2003-02-11 01:26:21

by Kenneth Sumrall

[permalink] [raw]
Subject: Re: Kexec, DMA, and SMP

"Eric W. Biederman" wrote:
>
> Suparna Bhattacharya <[email protected]> writes:
>
> > On Sun, Feb 09, 2003 at 11:39:27AM -0700, Eric W. Biederman wrote:
> > > Corey Minyard <[email protected]> writes:
> > >
> > > With respect to DMA and SMP handling for kexec on panic that case is
> > > much trickier. A lot of the normal methods simply don't apply because
> > > by definition in a panic something is broken, and that something may
> > > be the code we need to cleanly shutdown the hardware. But I an not
> > > ready to sacrifice a method that works well in a properly working
> > > kernel just because the panic case can't use it.
> > >
> > > In getting it working I suggest we start with the easy cases, where
> > > DMA and SMP are not big issues. And then we can have a working
> > > framework.
> >
> > I'd agree. That was also the idea behind the patch we'd just posted
> > for LKCD. With a basic working framework in hand that works for
> > simpler cases, we can now keep working on addressing more and harder
> > situations bit by bit.
>
> Agreed. I guess the primary question is can we trust the current
> device shutdown + reboot notifier path or do we need to make some
> large changes to avoid it.
>
So are the functions registered on the reboot notifier path guaranteed
to be non-blocking? In the kexec on panic case, calls that can block
would obviously be a bad thing. If they can block, perhaps we could add
a new flag SYS_PANIC or something like that to tell the driver to only
do a non-blocking shutdown of the chip.


> > Are you trying to address the possibility that DMA is overwriting
> > memory we are using in the recovery code, due to a runaway driver
> > or other code passing a wrong memory address to a device (e.g. in
> > a corrupted command area) ?
>
> Not primarily. Instead I am trying to address the possibility that
> DMA is overwriting the recovery code due to a device not being shutdown
> properly. Though it would happen to cover many cases of the wrong
> memory address being passed to a device.
>
The problem we were seeing was that rogue DMA from a network interface
chip was corrupting dentry's in the dirent cache when the rebooted
kernel was coming back up. This caused a whole new set of panics. :-(

Ken Sumrall
[email protected]


2003-02-11 04:58:37

by Eric W. Biederman

[permalink] [raw]
Subject: Re: Kexec, DMA, and SMP

Kenneth Sumrall <[email protected]> writes:

> > Suparna Bhattacharya <[email protected]> writes:

> > Agreed. I guess the primary question is can we trust the current
> > device shutdown + reboot notifier path or do we need to make some
> > large changes to avoid it.
> >
> So are the functions registered on the reboot notifier path guaranteed
> to be non-blocking? In the kexec on panic case, calls that can block
> would obviously be a bad thing. If they can block, perhaps we could add
> a new flag SYS_PANIC or something like that to tell the driver to only
> do a non-blocking shutdown of the chip.

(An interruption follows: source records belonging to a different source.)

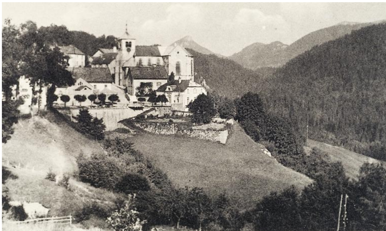
L'église vue de l'ouest, [1ère moitié 20e siècle].
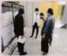
ผู้เข้าร่วมประชุมในขณะเปิดโครงการ
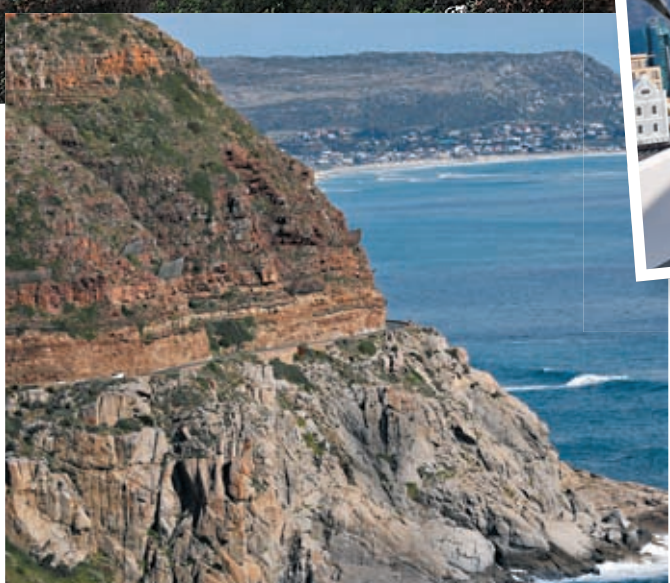
◆開普敦查普曼峰公路

而好望角，北距開普敦48公里，瀕大西洋，在開普半島的盡頭處。在蘇伊士運河未開通以前，好望角是歐洲通往東方的海路必經之地；至今，特大油輪若無法進入蘇伊士運河，仍需繞行好望角。好望角常被誤認是非洲大陸最南端，而距離其東南偏東方向約150公里、隔佛爾斯灣而望的厄加勒斯角才是實至名歸的非洲最南端。
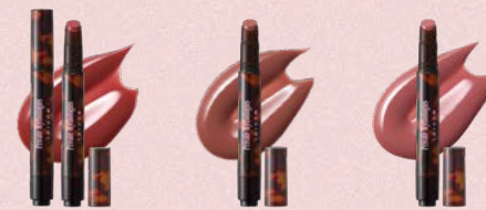
トーン メルティング タッチ リップ
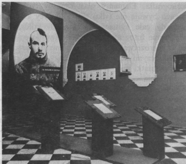
27. Wystawa „Sybir romantyków”. Fragment sali III zatytułowanej „Na Kirgiskich stepach”.

W ekspozycji „Sybir romantyków”, jak i w innych wystawach proponowanych od kilku co najmniej lat przez Muzeum Literatury, odeszliśmy od tradycyjnej prezentacji sylwetek pisarzy wyłącznie poprzez różne archiwalia i pamiątki, książki czy zachowane rękopisy. Ich udział w nich pozostawał zawsze duży, ale w kreowaniu zdarzeń z polskiej historii i kultury, a nie tylko samej literatury, istotną rolę spełnia
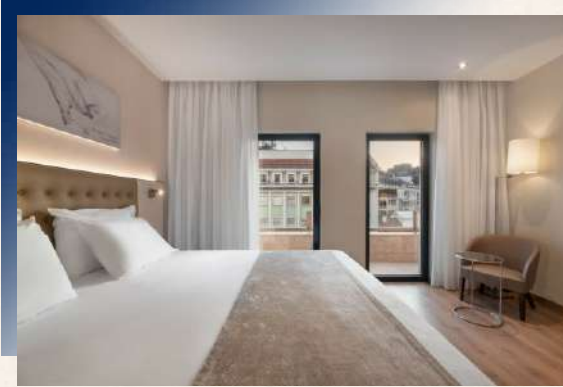
靜謐優雅的住宿空間，沐浴在古典與詩意之中 馬德里精選五星飯店

無論是古城中的歷史旅館，或現代設計的城市寓所，皆讓身心安頓、步調從容，讓旅程輕盈優雅，處處皆風景。
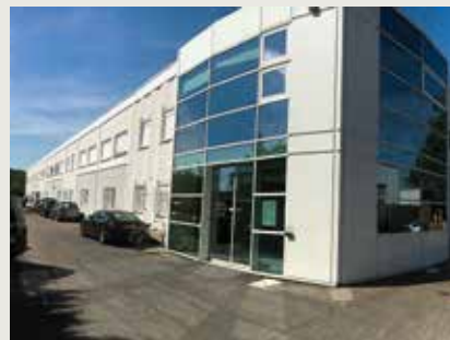
La pépinière de Montesson.

Plus d'infos : www.saintgermainbouclesdeseine.fr
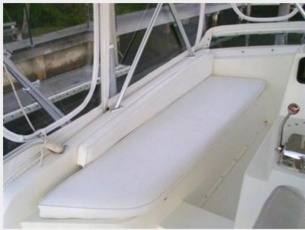
One of Two Overhead Instrument Pod
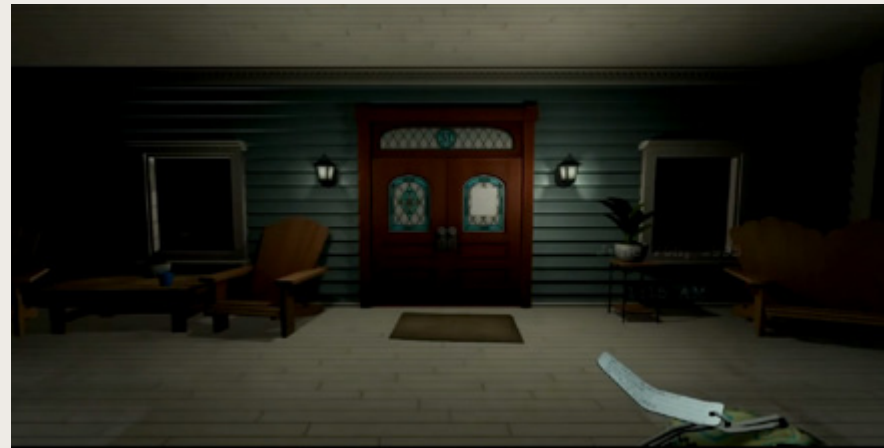
12. Žaidimo „Sugrižus namo“ išanginis kadras

Žaidimo pradžioje mes išgirstame autoatsakiklio pyptelėjimą, po kurio nuskamba balso įrašas. Iš jo sužinome, jog dukra skambina mamai ir perspėja, kad pasiimti jos nereikia, grįš pati, vėlyvą vakarą. Pirmieji žaidimo vaizdai pristato erdvę iš pirmojo asmens žvilgsnio perspektyvos : priešais save žaidėjas mato namą, gali laisvai judėti erdvėje, valdyti daiktus (judinti rankenėlę, atidaryti duris, kelti, mėtyti daiktus ir t. t.). Tai žaidėjui kuria įspūdį, jog jis veikia, mato būdamas pagrindinio herojaus „kailyje“, tarsi Kaitlin, kuri grįžo namo ir bando susivokti aplinkoje. Šis įspūdis kuriamas pasirinkto vaizdo perspektyva – pirmojo asmens žvilgsniu, tai reiškia, jog žaisdami mes žaidimo pasaulį matome tarsi herojaus akimis. Tokia pasirinkta strategija ne tik padeda susitapatinti su herojumi, bet ir diktuoja, organizuoja žaidimo pasaulio pateikimą, konstruoja jo erdvę ir elgesį joje.
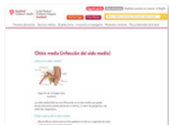
https://www.stanfordchildrens.org/es Cercador: Otitis media
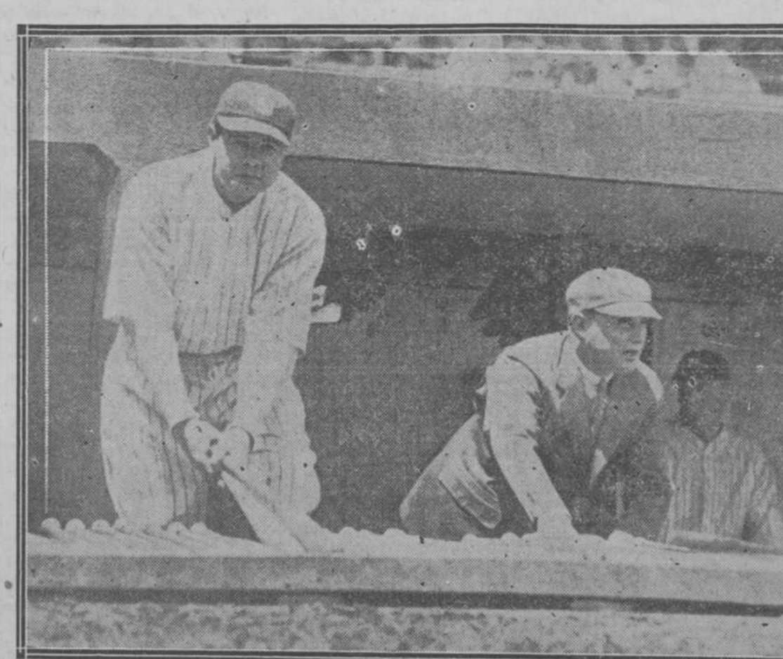
Aquí está en Bambino, un poco débil después de su larga enfermedad, seleccionando el bate con el que espera dar el home run, como lo hizo ayer al pitcher Miller, del Cleveland, el primero que produce después de su reaparición en el juego.
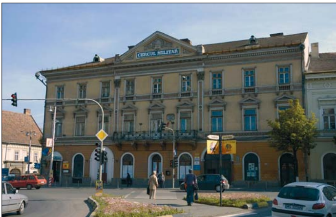
A „Görög-ház” (Marosvásárhely) A segesvári csata előtt itt szállt meg Petőfi
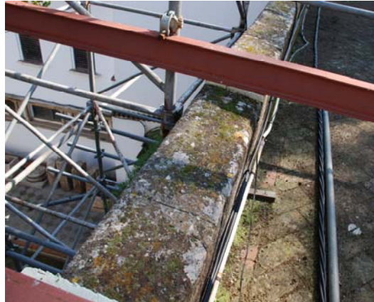
Líquenes y musgos colonizando la zona superior.
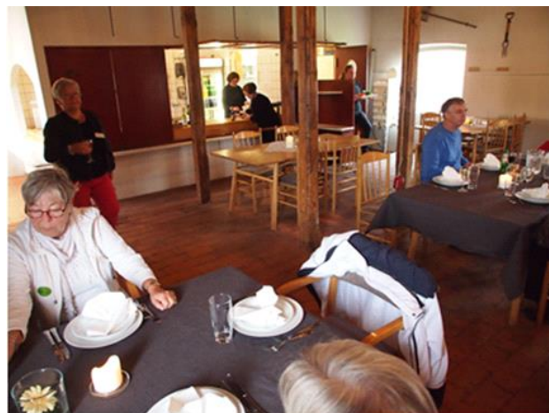
Frokost Gl. Estrup 2015
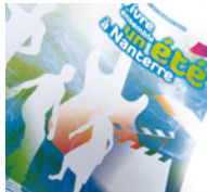
ILLUSTRATIONS / PHOTOS
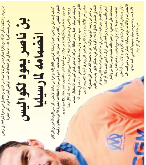
كشفت وسائل إعلام فرنسية، عودة بن ناصر من نادي كواليا، بعد أن وافق على انتقاله من فريقه السابق، المثلثي، بـ 10 ملايين جنيه إسترليني.
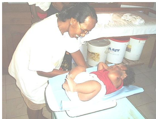
Pesée au Centre Nutritionnel
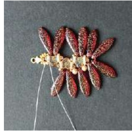
18) Hacer un doble nudo con el hilo restante
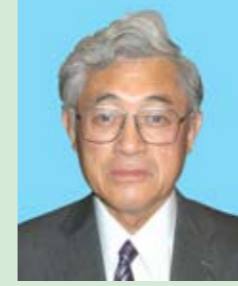
ささき たけし 佐々木 毅 氏 (公社)国土緑化推進機構理事長

1942年秋田県生まれ。東京大学法学部法学博士号取得。専門は政治学・政治学史。東京大学法学部長、同大学大学院法学政治学研究科長、同大学総長等を経て、2013年3月まで学習院大学法学部教授。2005年紫綬褒章受章。総務省「定住自立圏構想の推進に関する懇談会」座長、同省「常時啓発事業のあり方等研究会」座長、(財)明るい選挙推進協会会長等を務める。著書に『民主主義という不思議な仕組み』
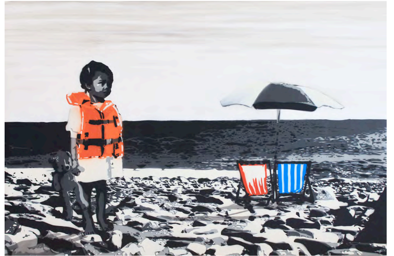
KURAR (né en 1983) Forced holidays, 2016 Pochoir de bombe aérosol sur toile signée, datée et titrée au dos 97 x 146 cm
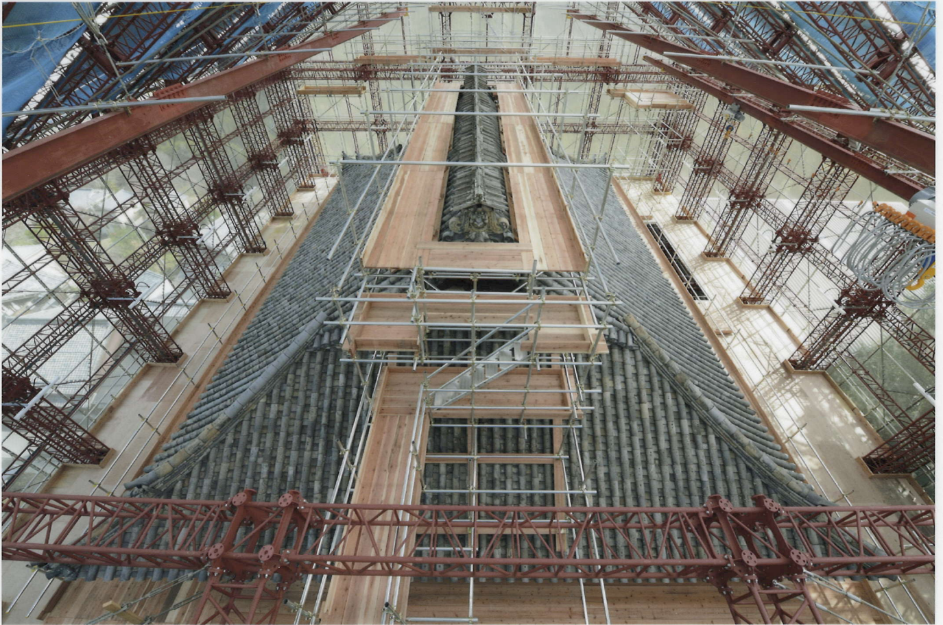
素屋根上階(妻足場・棟足場)
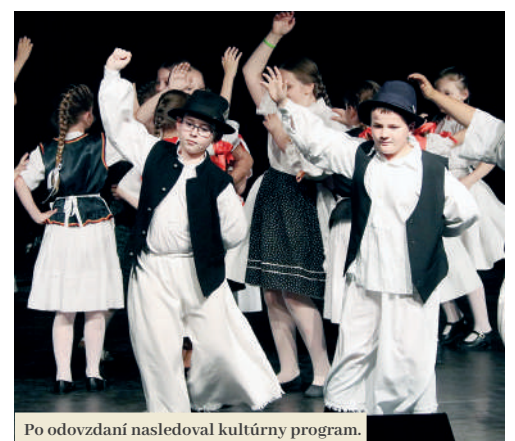
Po odovzdaní nasledoval kultúrny program.
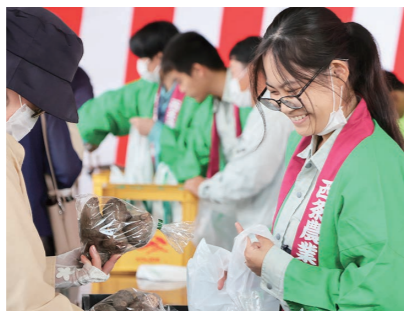
西条農業生が作った農作物の販売は大盛況

11月11日、西条市産業祭が西条農業高校で開催。高校生による農業学習展や、各種団体の産業展・文化展、即売などが行われました。久々の開催に、展示に見入る人や地元産品を買い求める人など、多くの人々ににぎわいました。
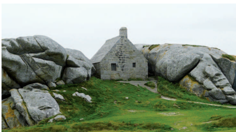
▲ Le corps de garde daté de la fin du XVII e siècle présente un parfait mimétisme avec les chaos de blocs granitiques environnants.
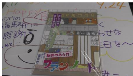
あら竹ファンノートも同時に購入
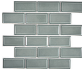
1853-0003 Metro Petrol Glossy

I think there is some amount of blocking allowed. But that has not be
clearly defined. Note in 2.5.x there is a specific subset
of the reboot notifiers the shutdown() device method. That you
don't need to register a notifier for. The rules are the same
and it is just a little bit cleaner.

> > Not primarily. Instead I am trying to address the possibility that
> > DMA is overwriting the recovery code due to a device not being shutdown
> > properly. Though it would happen to cover many cases of the wrong
> > memory address being passed to a device.
> >
> The problem we were seeing was that rogue DMA from a network interface
> chip was corrupting dentry's in the dirent cache when the rebooted
> kernel was coming back up. This caused a whole new set of panics. :-(

And this a reserved hunk of memory from of memory from say 16MB to 20MB
would handle. As the DMA could never have been setup at that address
it obviously will never be used...

Eric



2003-02-11 16:59:37

by Stephen Hemminger

[permalink] [raw]
Subject: Re: Kexec, DMA, and SMP

On Mon, 2003-02-10 at 21:08, Eric W. Biederman wrote:
> Kenneth Sumrall <[email protected]> writes:
>
> > > Suparna Bhattacharya <[email protected]> writes:
>
> > > Agreed. I guess the primary question is can we trust the current
> > > device shutdown + reboot notifier path or do we need to make some
> > > large changes to avoid it.
> > >
> > So are the functions registered on the reboot notifier path guaranteed
> > to be non-blocking? In the kexec on panic case, calls that can block
> > would obviously be a bad thing. If they can block, perhaps we could add
> > a new flag SYS_PANIC or something like that to tell the driver to only
> > do a non-blocking shutdown of the chip.
>
Some of the network shutdown reboot notifiers can block.
I found this out the hard way when trying to convert notifiers to use RCU
and discovered many warnings. So many that the effort was abandoned.